Corpus analysis
Biblicus supports analysis backends that run on extracted text artifacts without changing the raw corpus. Analysis is a pluggable phase that reads an extraction snapshot, produces structured output, and stores artifacts under the corpus runs folder. Each analysis backend declares its own configuration schema and output contract, and all schemas are validated strictly.
How analysis snapshots work
Analysis runs are tied to a corpus state via the extraction snapshot reference.
The analysis output is written under
analysis/<analysis-id>/<snapshot_id>/.Analysis is reproducible when you supply the same extraction snapshot and corpus catalog state.
Analysis configuration is stored as a configuration manifest in the run metadata.
If you omit the extraction snapshot, Biblicus uses the most recent extraction snapshot and emits a reproducibility warning. For repeatable analysis snapshots, always pass the extraction snapshot reference explicitly.
Analysis snapshot artifacts
Every analysis snapshot records a manifest alongside the output:
analysis/<analysis-id>/<snapshot_id>/
manifest.json
output.json
The manifest captures the configuration, extraction snapshot reference, and catalog timestamp so results can be reproduced and compared later.
Inspecting output
Analysis outputs are JSON documents.
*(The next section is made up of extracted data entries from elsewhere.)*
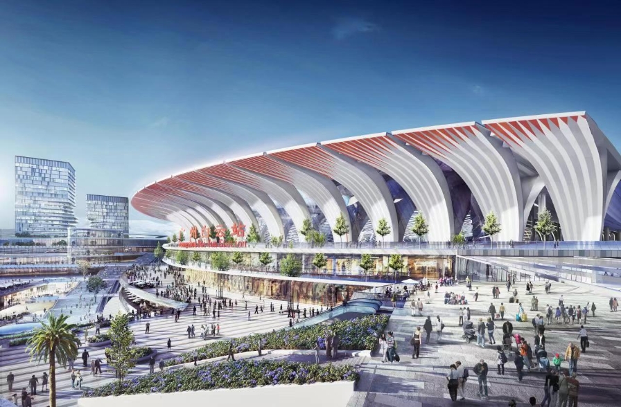 广州白云站是全国“十三五”铁路规划中的重要项目,是粤港澳大湾区的重点工程,是按照“轨道上的大湾区”建设理念打造的一座世界级现代综合交通枢纽特大型火车站。项目建成后,将承接广州站和广州东站的全部普速客车,预计2023年年底竣工,届时将为国家铁路发展、建设“轨道上的大湾区”注入新的有效动力。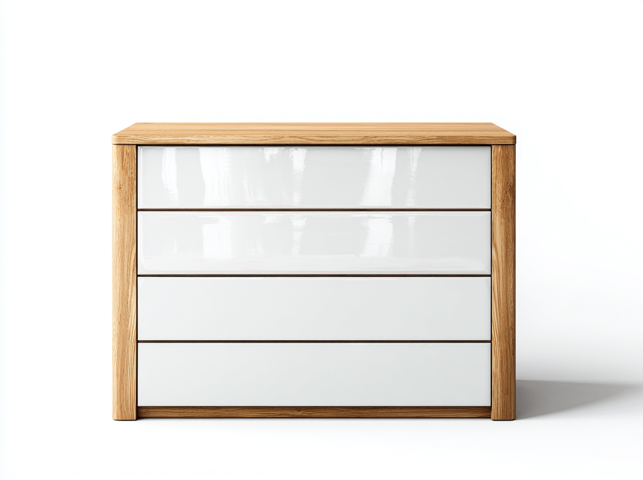 The structure is crafted from solid wood with a natural wood frame, combined with smooth white high-gloss drawer fronts. The contrast between warm wood tones and glossy surfaces highlights precise craftsmanship and modern aesthetics.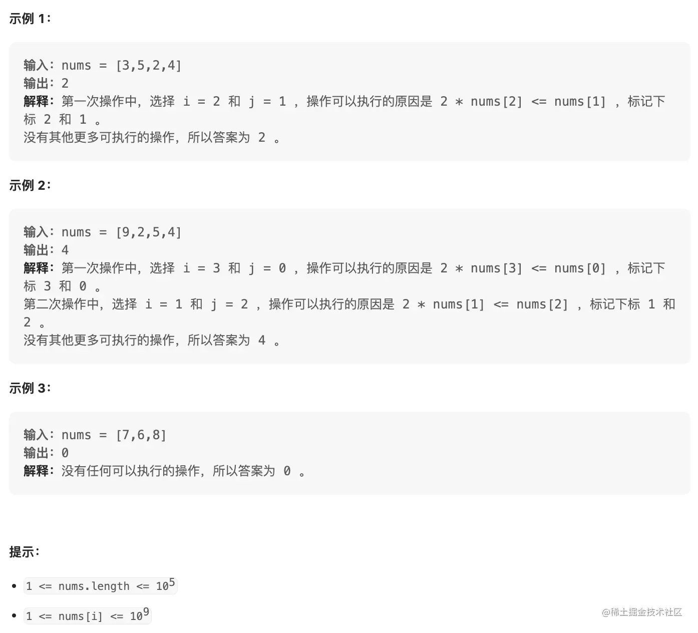 题目要求:选择两个互不相同且未标记的下标 i 和 j ,满足 2 * nums[i] <= nums[j] ,标记下标 i 和 j 。我们发现题目并不关心 [i] 和 [j] 的选择顺序,所以对排序不会影响问题结果,而且排序能够更方便地比较元素大小,因此题目的框架应该是往 排序 + [贪心 / 双指针 / 二分 / DP] 的思路思考。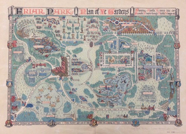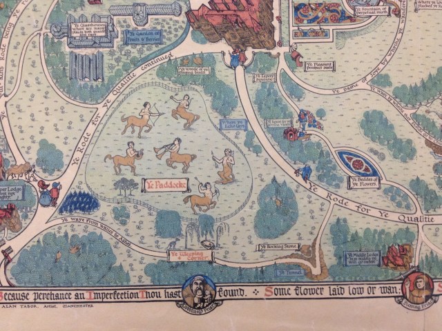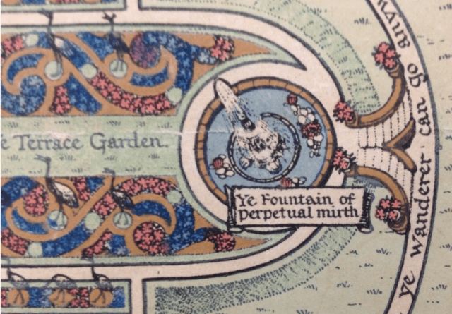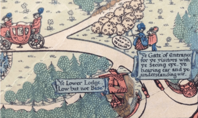 But realising that a large volume wasn’t necessarily right for everyone, in about 1914, he commissioned Alan Tabor, a young Manchester-based calligrapher and book illustrator to produce a fold-up map of the estate to serve as a simple visual guide. Unfortunately only a few snippets of it are available on-line, and they are uncredited so I hunted it down in the map room of the British Library.When I took it to my desk I almost shattered the hallowed silence of the Map Room by laughing out loud. I’m going to use details from it throughout the rest of my comments on Friar Park & hope you’ll find it as amusing as I presume Frank Crisp did.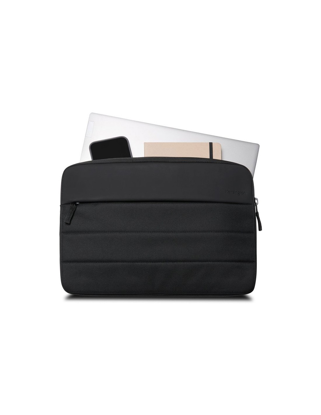 Funda para portátil de hasta 14\". Fabricado en material reciclado. Diseño sencillo y moderno. Compartimento acolchado para proteger el portátil o latableta. Bolsillo frontal con cremallera para acceder rápidamente a lo es encial.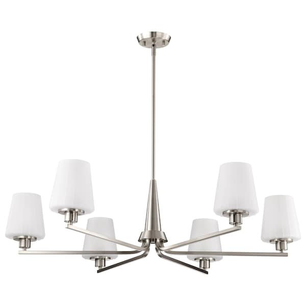 Lune, 6 Light Chandelier, Brushed Nickel Finish, Etched White Glass

You can view them directly:
cat corpora/example/analysis/profiling/RUN_ID/output.json
Each analysis backend defines its own report payload. The run metadata is consistent across backends.
Comparing analysis snapshots
When you compare analysis results, record:
Corpus path and catalog timestamp.
Extraction run reference.
Analysis configuration name and configuration.
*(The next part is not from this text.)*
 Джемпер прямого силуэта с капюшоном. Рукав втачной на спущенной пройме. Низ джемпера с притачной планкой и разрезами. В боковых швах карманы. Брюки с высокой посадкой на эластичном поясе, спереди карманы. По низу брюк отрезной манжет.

Analysis snapshot identifier and output path.
These make it possible to rerun the analysis and explain differences.
Pluggable analysis backends
Analysis backends implement the CorpusAnalysisBackend interface and are registered under biblicus.analysis.
A backend receives the corpus, a configuration name, a configuration mapping, and an extraction snapshot reference. It returns a
Pydantic model that is serialized to JavaScript Object Notation for storage.
Choosing an analysis backend
Start with profiling when you need fast, deterministic baselines. Use topic modeling when you want thematic clustering and exploratory labels. Use Markov analysis when you want state-transition structure over sequences of segments. Combine multiple backends for a clear view of corpus composition, themes, and state dynamics.
Configuration files
Analysis configurations are optional JavaScript Object Notation or YAML files that capture configuration in a repeatable way. They are useful for sharing experiments and keeping runs reproducible.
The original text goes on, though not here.